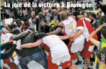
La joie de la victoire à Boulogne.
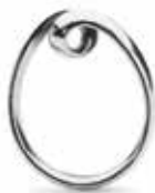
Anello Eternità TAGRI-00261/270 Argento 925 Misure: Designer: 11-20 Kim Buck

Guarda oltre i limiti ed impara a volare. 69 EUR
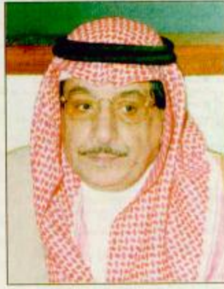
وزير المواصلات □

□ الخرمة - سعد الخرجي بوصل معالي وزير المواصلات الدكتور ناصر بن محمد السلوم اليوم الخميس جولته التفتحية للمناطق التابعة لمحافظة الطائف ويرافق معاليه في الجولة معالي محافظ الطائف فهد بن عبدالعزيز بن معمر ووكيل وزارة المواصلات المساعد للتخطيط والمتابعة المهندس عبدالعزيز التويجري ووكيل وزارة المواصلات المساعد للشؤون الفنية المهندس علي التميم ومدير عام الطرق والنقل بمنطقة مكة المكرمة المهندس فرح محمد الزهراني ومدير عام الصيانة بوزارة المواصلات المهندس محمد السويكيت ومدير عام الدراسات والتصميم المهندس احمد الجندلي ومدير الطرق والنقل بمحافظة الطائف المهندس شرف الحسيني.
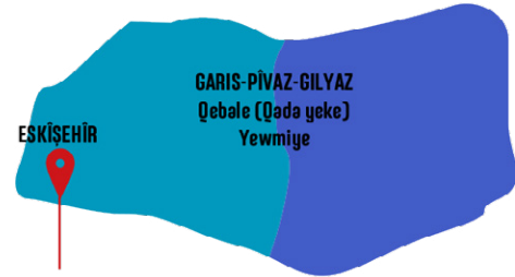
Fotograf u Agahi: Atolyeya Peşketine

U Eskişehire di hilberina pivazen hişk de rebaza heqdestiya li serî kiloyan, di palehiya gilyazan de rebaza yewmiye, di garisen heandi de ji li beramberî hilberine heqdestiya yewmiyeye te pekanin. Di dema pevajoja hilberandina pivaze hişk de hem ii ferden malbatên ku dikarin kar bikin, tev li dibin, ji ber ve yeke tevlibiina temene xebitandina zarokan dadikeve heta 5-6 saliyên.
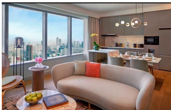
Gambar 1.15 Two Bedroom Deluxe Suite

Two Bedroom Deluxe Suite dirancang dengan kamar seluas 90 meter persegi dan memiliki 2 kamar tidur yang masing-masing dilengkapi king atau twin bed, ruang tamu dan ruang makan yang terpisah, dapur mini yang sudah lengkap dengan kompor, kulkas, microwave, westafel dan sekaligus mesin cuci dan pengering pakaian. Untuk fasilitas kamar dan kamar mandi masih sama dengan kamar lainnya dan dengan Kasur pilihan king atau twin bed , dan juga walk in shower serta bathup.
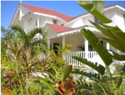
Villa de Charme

WORK TASK →
Can the lines from the start of the records through the line with "وزير المواصلات □" be given again exactly, with the pictures left out?

RESULT OF THIS EXERCISE →
La joie de la victoire à Boulogne.
Anello Eternità TAGRI-00261/270 Argento 925 Misure: Designer: 11-20 Kim Buck

Guarda oltre i limiti ed impara a volare. 69 EUR
وزير المواصلات □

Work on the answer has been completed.